Devlin, on the other hand, leaned forward, animated, all spirit and no facts, and was totally behind the idea of this festival thing—whatever it was.
But if he needed his older brother’s support, he’d have to find a better way to get it than mere enthusiasm.
“I have to go.” Roark checked his watch and pushed his chair out all the way.
Still in his seat, Devlin watched him get up, the defiant set of his chin sexier than it had any right to be. “You suggested meeting at the restaurant because you knew you were going to say no. Didn’t you? You knew you’d say no, regardless of my idea, and you knew you’d get a hell of an earful if we were behind closed doors.”
Roark’s shoulders rose and fell, and he pushed his chair back under the table. “I’m sure I’ll get an earful regardless.”
Devlin cut his eyes at his brother, before looking away like he wasn’t even there.
“Dev, if you can give me more to go on than your excitement, I’m happy to help.”
He sat stone-faced as Roark walked away.
Their interaction twisted something deep inside her, tightening until it hurt.
Some people would never hear you, no matter how hard you tried.
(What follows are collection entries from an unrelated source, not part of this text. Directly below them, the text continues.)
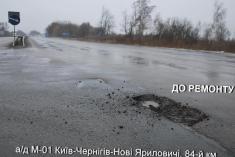 На автодорозі міжнародного значення М-01 Київ – Чернігів – Нові Яриловичі на замовлення Служби автомобільних доріг у Чернігівській області підрядне підприємство ДП «Чернігівський Облавтодор» 7 грудня розпочало аварійний ямковий ремонт холодними асфальтобетонними сумішами.
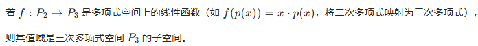 线性函数的值域是其陪域(codomain) 的子空间。陪域是指一个函数(映射)中,目标元素所在的集合,简言之,陪域是函数 “可能输出” 的集合范围,值域是 “实际输出” 的集合(是陪域的子集)。例如:
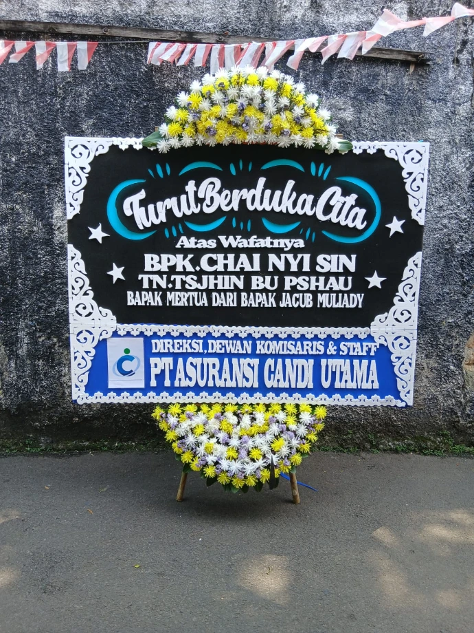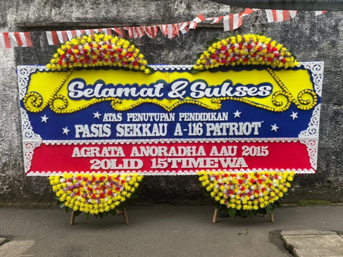 "Pilihan tepat untuk ucapan perpisahan, kenaikan jabatan, atau peresmian kantor. Desain formal dengan kombinasi bunga kain dan bunga segar yang mempertegas kesan prestisius."
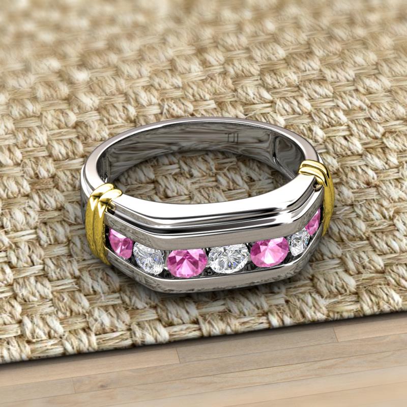Presenting Pink Sapphire and Lab Grown Diamond Channel set Men Wedding Ring in 18K White Gold with Yellow Bars on the side to give Two Tone look. The Yellow Bar on the side is Yellow plated on 18K White Gold, it could wear off with time.
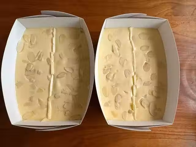 7、放進提前預熱好的烤箱,上下火150度烤大約60分鐘左右,出爐之後側著放涼,金枕蛋糕就做好了。
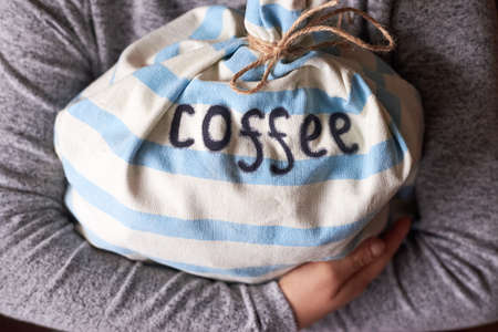 Large bag of coffee in the hands of a woman, close-up.

Even when those people were family.
Anna shifted her gaze to the stream of words on the page before her. She stared at the page forever, comprehending nothing.
If Devlin left the restaurant as she read, he did so without a sound, but she was too chicken to look up and check.
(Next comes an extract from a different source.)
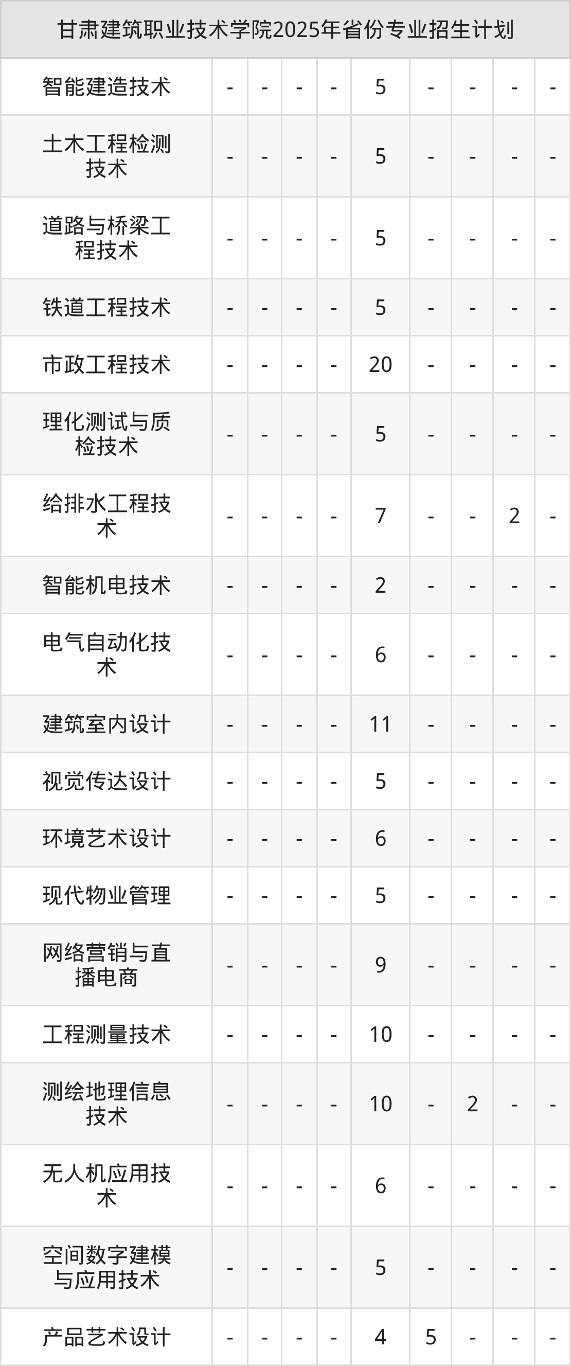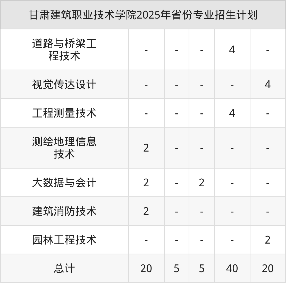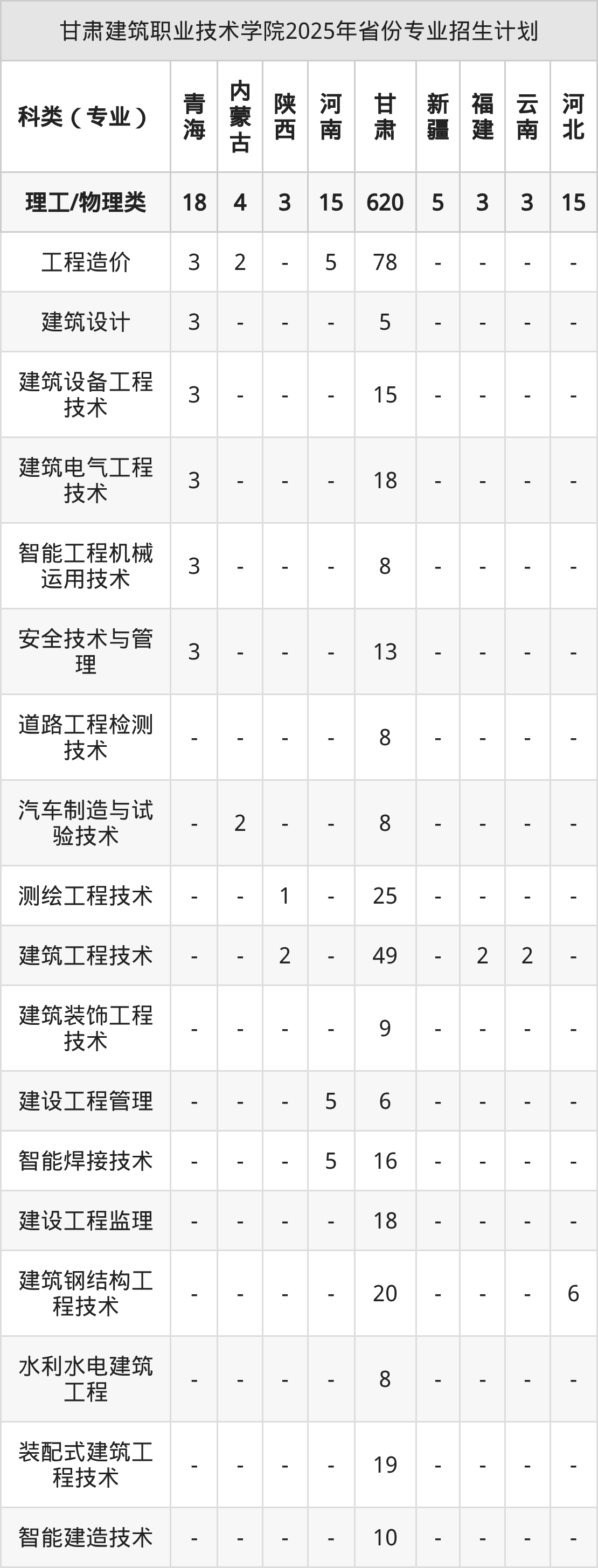 2026年甘肃建筑职业技术学院专科招生计划待公布,下面附上2025年数据,暂供参考:

Seconds clicked by and she was cross-eyed from trying to read the pamphlet.
The deep rumbling of a cleared throat made her jump. “You’re either studying that thing for a pop quiz later, or you’re fake reading.”
With the most innocent expression she could muster, she met Dev’s gaze from two tables away. “I’m not fake reading.”
“You haven’t turned the page in about ten minutes.”
Dang it. “I’m making sure I grasp what the article is about.”
“That pamphlet is all ads and discount coupons.”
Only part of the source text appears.